Над Севастополем и окрестностями стояла красивая ночь. Становилось холоднее.

ГЛАВА IX

I

Был восьмой час вечера, когда Бугай с Маркушкой, минуя «Грибок», подошли к четвертому бастиону.

— Вам чего? — спросил часовой у входа в бастион.

— Повидать одного матросика знакомого. А мальчонку отец! — невольно понижая голос, проговорил Бугай.

— Что ж, иди. Только спят все… Вахтенных спроси…

На площадке бастиона, залитого месяцем, под заряженными пушками и у пушек лежали матросы, покрытые бушлатами, с шапками на головах. Среди тишины раздавался храп спящих.

Только несколько «вахтенных» стояли у банкета [53] и по углам бастиона и взглядывали «вперед» на чужие батареи. А «вахтенный» офицер — молодой мичман, сидя верхом на пушке, поглядывал то вперед, то на звезды и тихо напевал какой-то романс.

Старик и мальчик торопливо подошли к тому углу бастиона, где стояло орудие, из которого Ткаченко обещал «шугануть» француза.

Они жадно заглядывали в лица спавших у орудия.

Пересмотрели всех.

Не было черномазого, как жук, заросшего волосами Игната. Не было ни одного из тех матросов, которых видели за обедом Бугай и Маркушка, когда были на бастионе в гостях у Ткаченко, за несколько дней до первой бомбардировки.

Все незнакомые лица.

— Дяденька! Где же тятька? — надрывающим тихим голосом спросил Маркушка, испуганно заглядывая в глаза Бугая.
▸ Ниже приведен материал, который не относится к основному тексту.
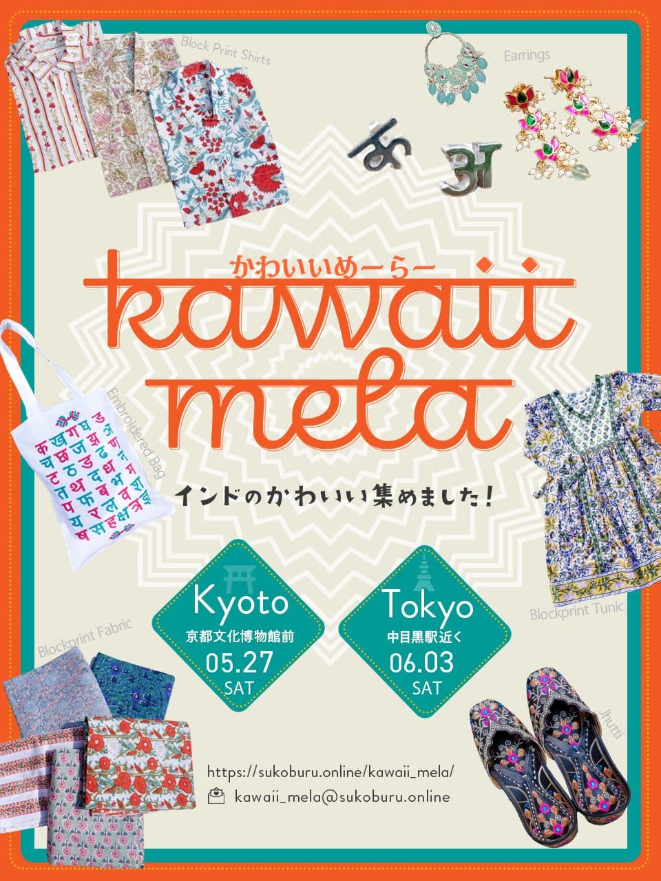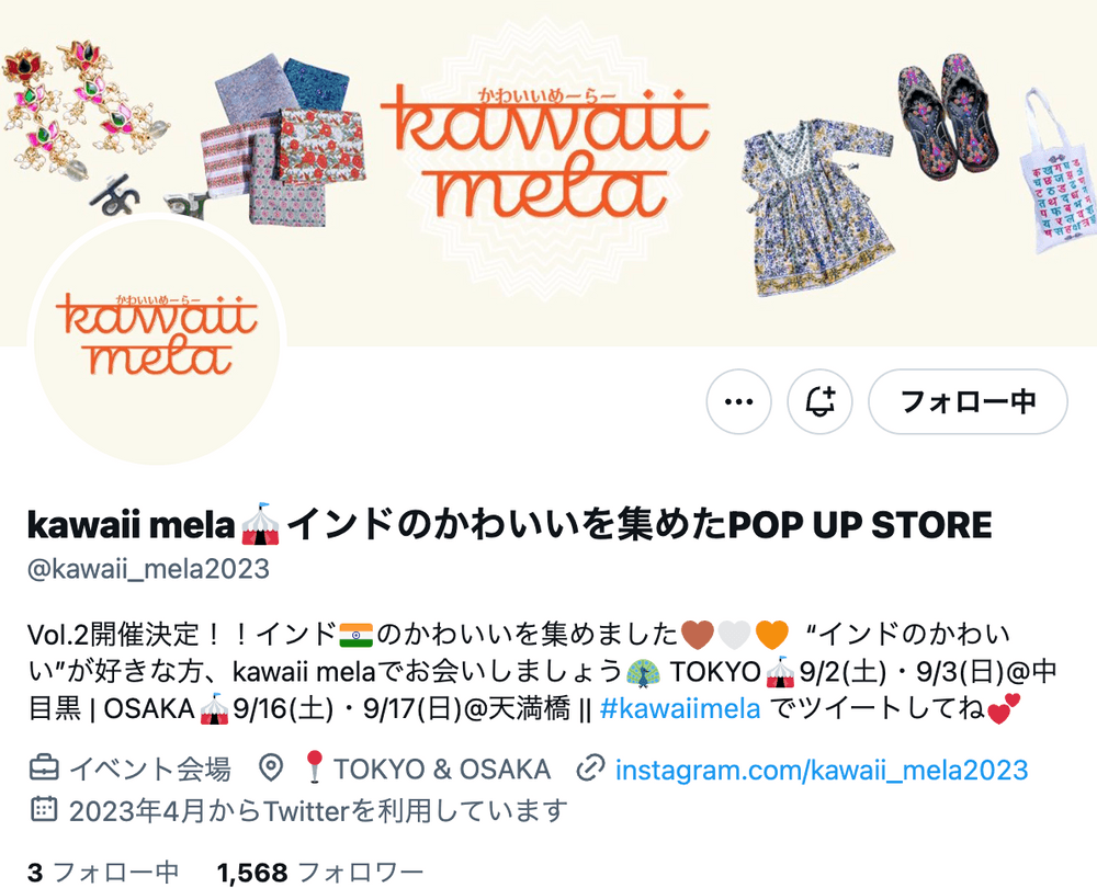 今回事例として取り上げるのは、kawaii mela(読み方:かわいいめーらー)というインドからアパレル雑貨ブランドを集めたポップアップと主催者様です。ちなみにMela(メーラー)とはヒンディー語で遊園地を指す言葉で縁日やお祭り(Festival)を意味するそうです。繊維業や伝統工芸でも多様性に富むインドで主催者が「Kawaii(可愛い!)」と胸を打たれたものだけを日本に持ってくる、をコンセプトにしています。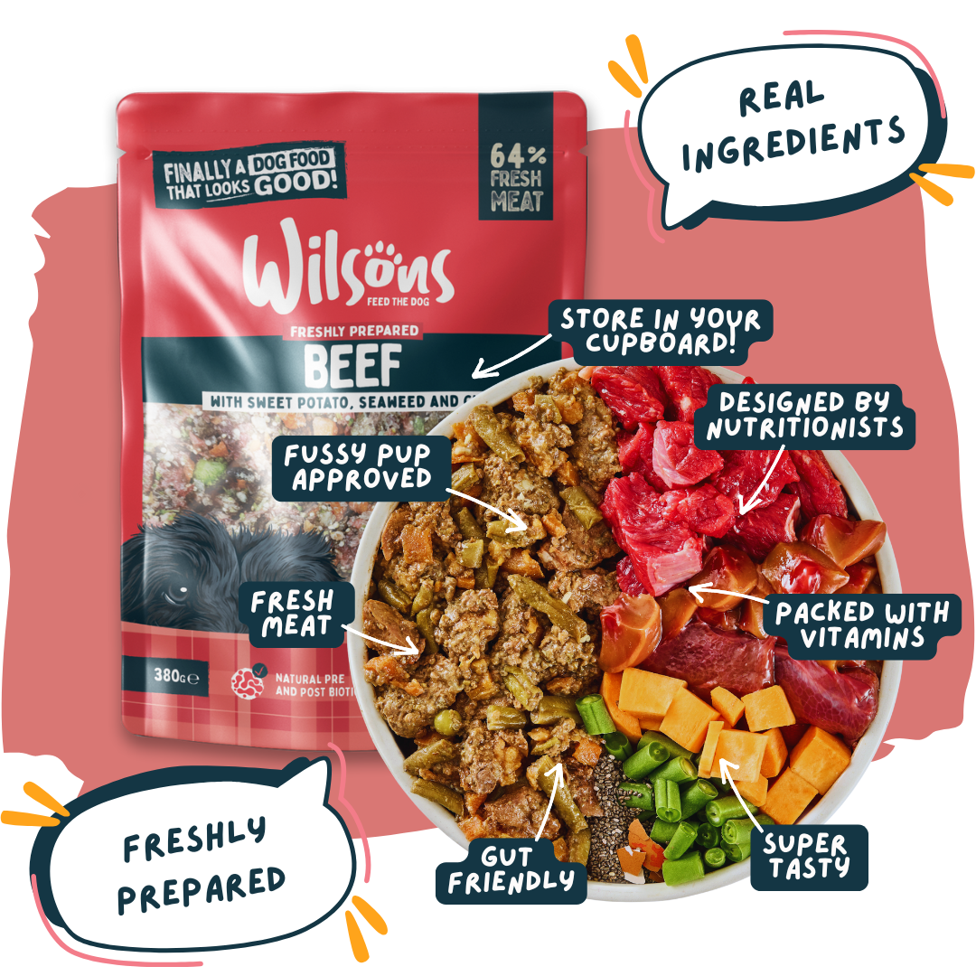 Created by expert nutritionists, our cupboard-ready fresh meals are packed with all the natural, fresh ingredients your dog needs, every single day.
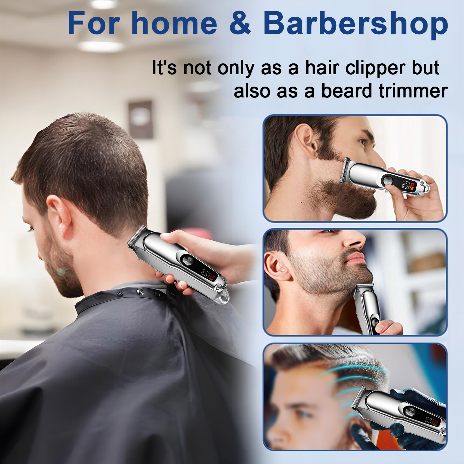 Rechargeable Beard Trimmer Cordless Electric Stubble Hair Trimmer LED Display UK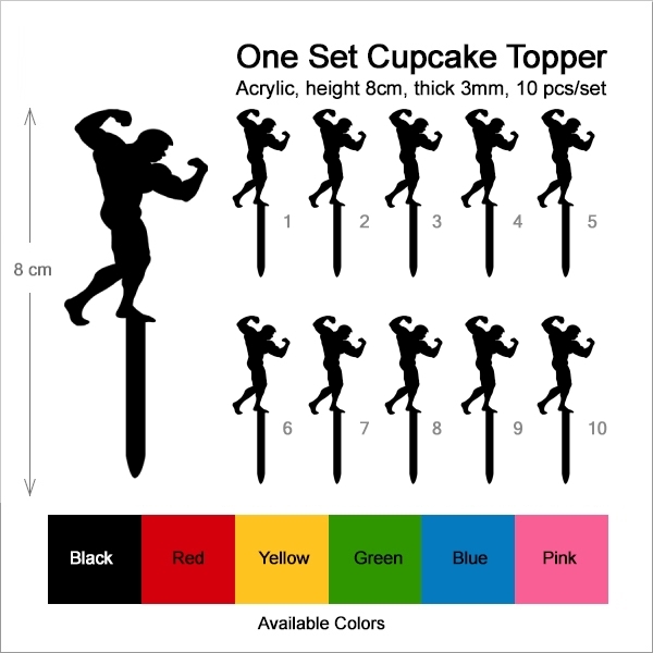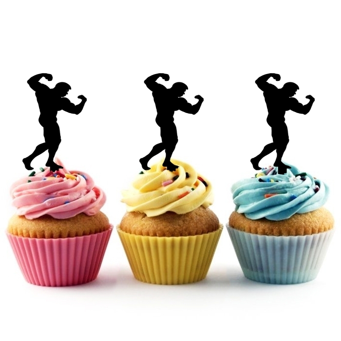 Bodybuilding Man Pose Cupcake 10 Toppers Laser Cut Acrylic for Wedding Birthday Baby Shower Bachelorette Engagement Party Decor
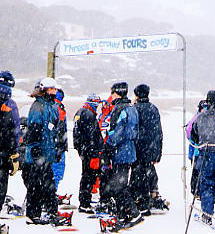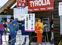 | 初めて見た時は驚いたが、最近は結構、見るようになった。どうもボーダーはコンビニ弁当を持ち込み、リフト券を買わずに斜面を登って練習するので、駐車場料金以外はお金を落とさないらしい。これも不景気のなせる業であり、政府の責任は重大である。 猪苗代スキーリゾートにて。 |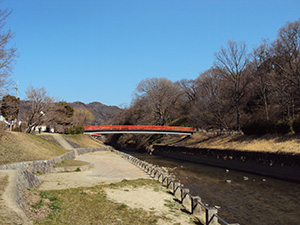 大和川は、大和平野の河川が王寺で一つになり、王寺は古代から舟運で、近代からは鉄道の町で栄えました。大和川を挟んで、在原業平・能因法師が詠んだ百人一首2首の場所、春は桜・秋は紅葉の名所県立竜田公園、三室山を通り、大和川に架かる沈下橋を渡って、聖徳太子ゆかりの西安寺跡・舟戸神社を訪ね、聖徳太子と達磨大師で有名な飢人伝説の達磨寺で往時をしのびます。達磨寺では聖徳太子の愛犬「雪丸像」に会い、また聖徳太子唯一の万葉歌「家にあらば 妹(いも)が手纏(てま)かむ草枕 客(たび)に臥(こ)やせる この旅人あわれ」の古代大和の空気に触れていただくことも。王寺町のシンボル「和の鐘」を見て、王寺駅に戻り、記紀万葉のロマンを満喫してください。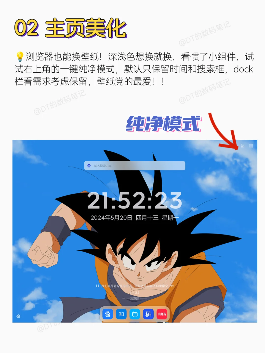 浏览器也能换壁纸!深浅色想换就换,看惯了小组件,试试右上角的一键纯净模式,默认只保留时间和搜索框,dock栏看需求考虑保留,壁纸党的最爱!!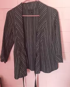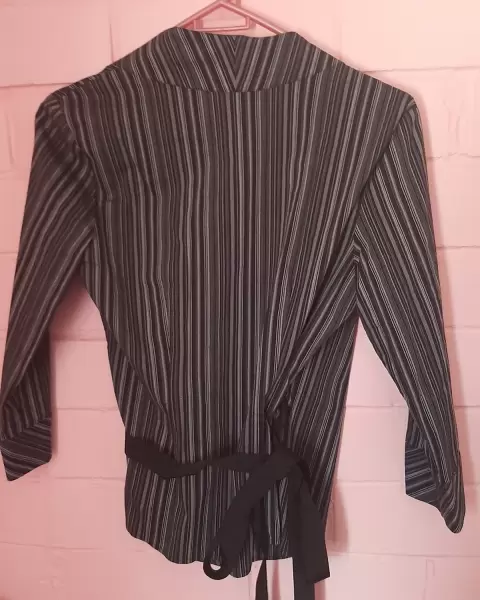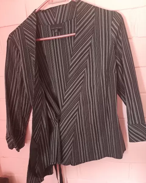 Blusa envolvente. Blusa envolvente, de color negro, con gris, tipo de manga 3/4.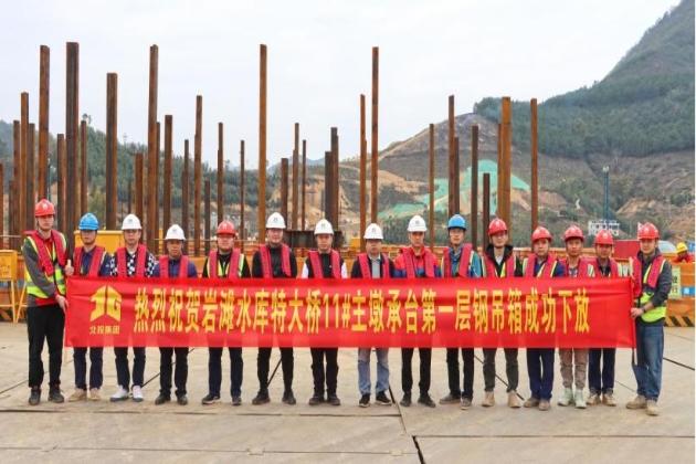 2月15日,广西巴羌高速关键控制性工程岩滩水库特大桥第一层钢套箱顺利下放。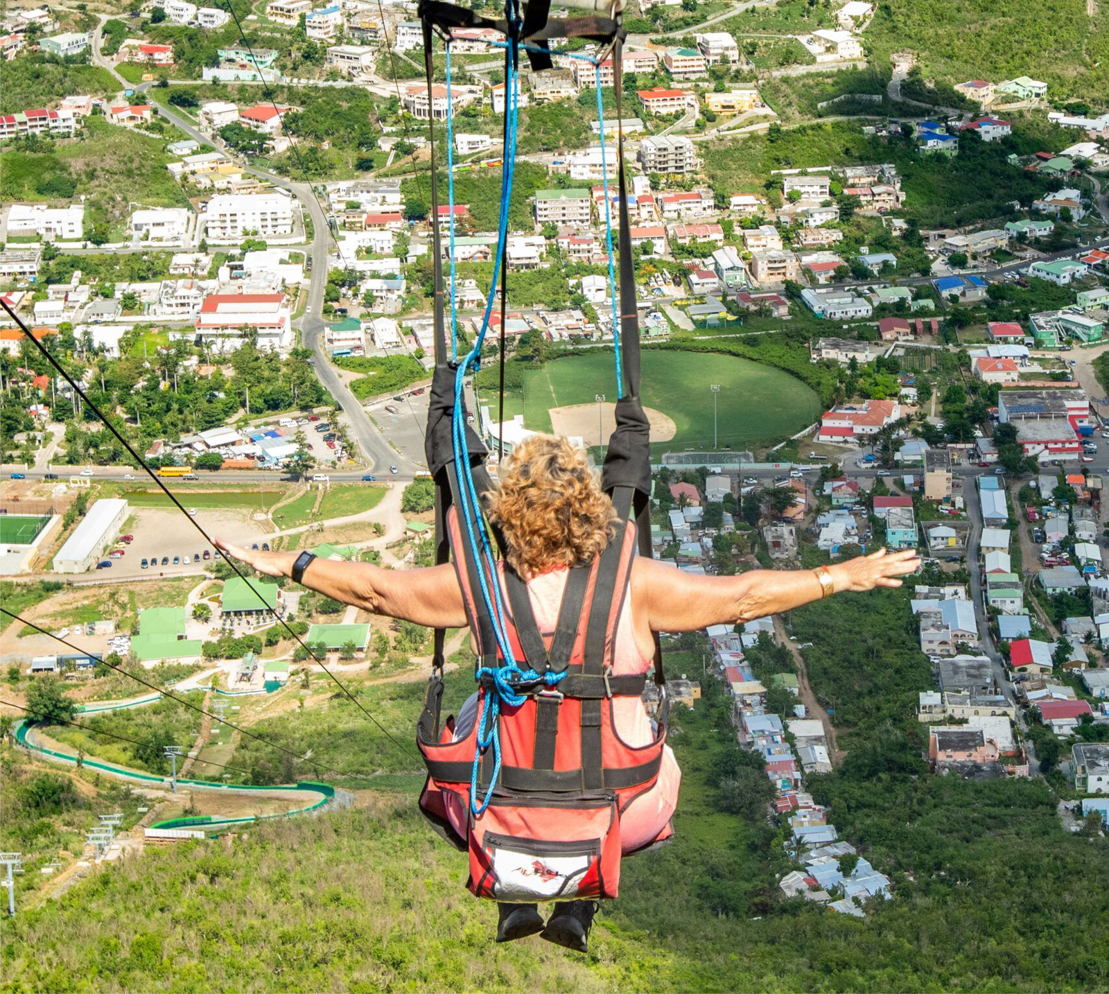 The Flying Dutchman in Sint Maarten is the steepest zip line in the world, offering an adrenaline-pumping ride from the top of Sentry Hill down to the base at Rockland Estate. Strapped into a secure harness, riders soar down the mountain at thrilling speeds while taking in breathtaking panoramic views of the island and the Caribbean Sea.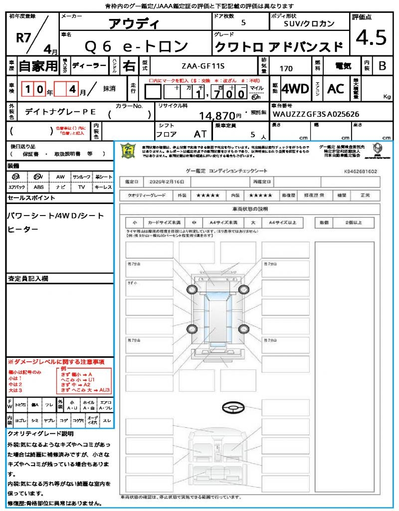| VIN/Serial No. | WAUZZZGF3SA025626 |

— Может, у другой орудии! — еще тише промолвил Бугай, отводя в сторону взгляд, точно чем-то виноватый перед мальчиком, который сейчас узнает, что отца нет в живых.

И спросил подошедшего вахтенного матроса:

— Где тут у вас Ткаченко?..

— Такого не знаю. Я на баксионе со вчерашнего дня… Вот мичмана спроси… Тот давно здесь… И хоть бы царапнуло… Он счастливый! — ответил матрос. — Ничего не поделаешь! — неожиданно прибавил он, словно бы отвечая себе на какой-то вопрос, появившийся в его уме.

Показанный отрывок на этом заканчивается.